Leave out every picture, and restate word for word only the lines from the one containing "あらきさんの愛猫ポチギをモチーフとしたマグカップです。" through the end of the material.

━━━━━ Data for analysis

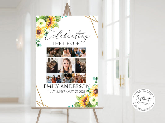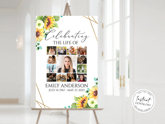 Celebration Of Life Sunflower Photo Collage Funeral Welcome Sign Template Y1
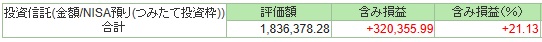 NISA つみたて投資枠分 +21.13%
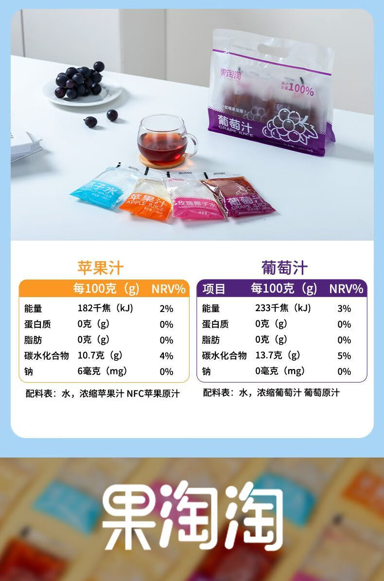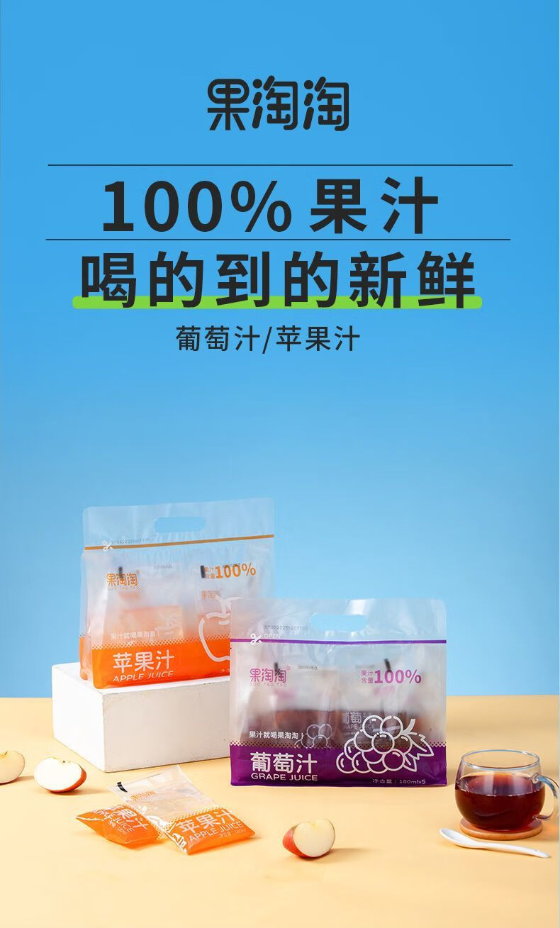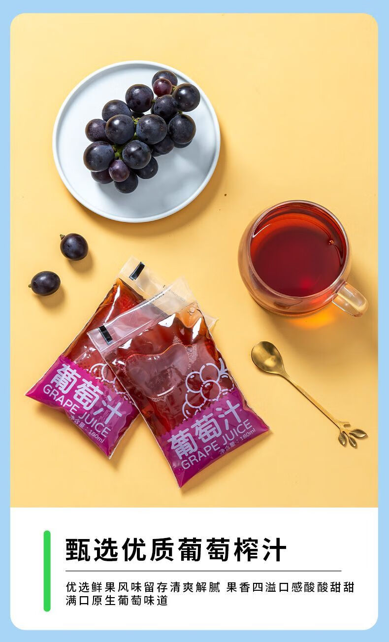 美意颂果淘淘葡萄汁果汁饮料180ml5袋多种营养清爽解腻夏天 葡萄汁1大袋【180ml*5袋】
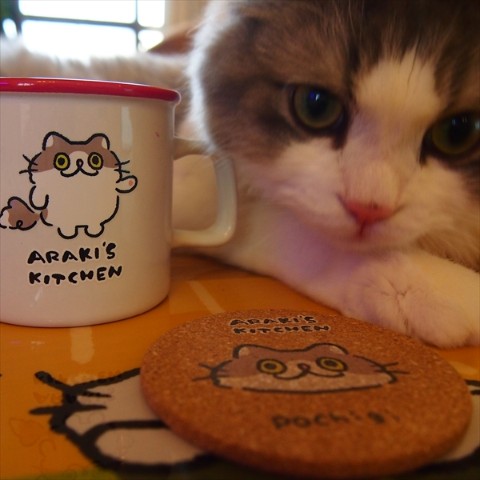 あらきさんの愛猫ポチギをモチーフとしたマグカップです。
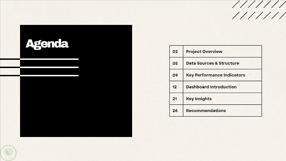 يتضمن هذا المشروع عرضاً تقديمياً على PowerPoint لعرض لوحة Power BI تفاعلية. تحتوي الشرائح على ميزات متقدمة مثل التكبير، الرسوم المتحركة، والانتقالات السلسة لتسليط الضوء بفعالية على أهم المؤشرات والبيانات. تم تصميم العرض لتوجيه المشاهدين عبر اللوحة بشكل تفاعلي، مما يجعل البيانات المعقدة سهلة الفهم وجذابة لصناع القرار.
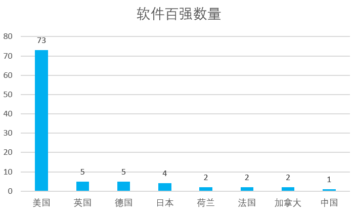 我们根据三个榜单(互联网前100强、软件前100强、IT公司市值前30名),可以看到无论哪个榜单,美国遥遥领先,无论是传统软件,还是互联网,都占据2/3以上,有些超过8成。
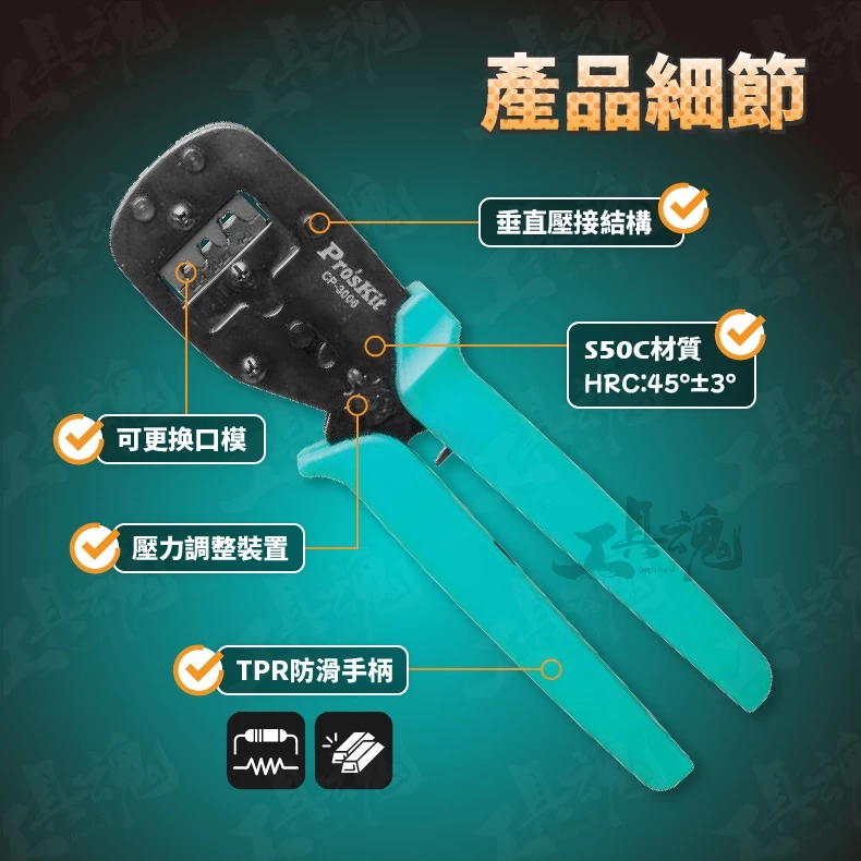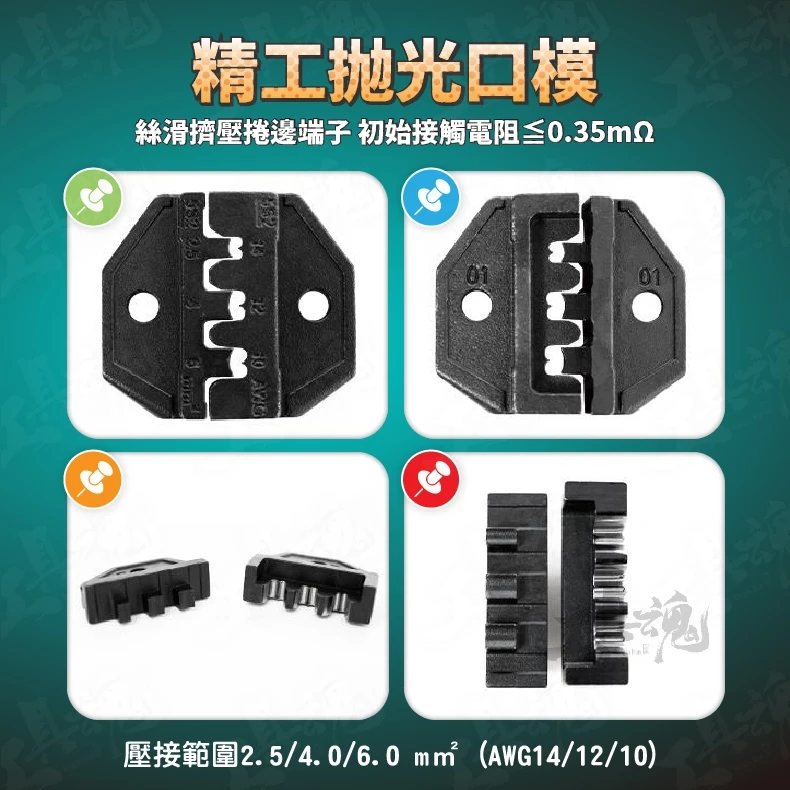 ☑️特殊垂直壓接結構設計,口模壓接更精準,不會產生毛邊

━━━━━━━━━━

**Solved exercise**
 あらきさんの愛猫ポチギをモチーフとしたマグカップです。
 يتضمن هذا المشروع عرضاً تقديمياً على PowerPoint لعرض لوحة Power BI تفاعلية. تحتوي الشرائح على ميزات متقدمة مثل التكبير، الرسوم المتحركة، والانتقالات السلسة لتسليط الضوء بفعالية على أهم المؤشرات والبيانات. تم تصميم العرض لتوجيه المشاهدين عبر اللوحة بشكل تفاعلي، مما يجعل البيانات المعقدة سهلة الفهم وجذابة لصناع القرار.
 我们根据三个榜单(互联网前100强、软件前100强、IT公司市值前30名),可以看到无论哪个榜单,美国遥遥领先,无论是传统软件,还是互联网,都占据2/3以上,有些超过8成。
 ☑️特殊垂直壓接結構設計,口模壓接更精準,不會產生毛邊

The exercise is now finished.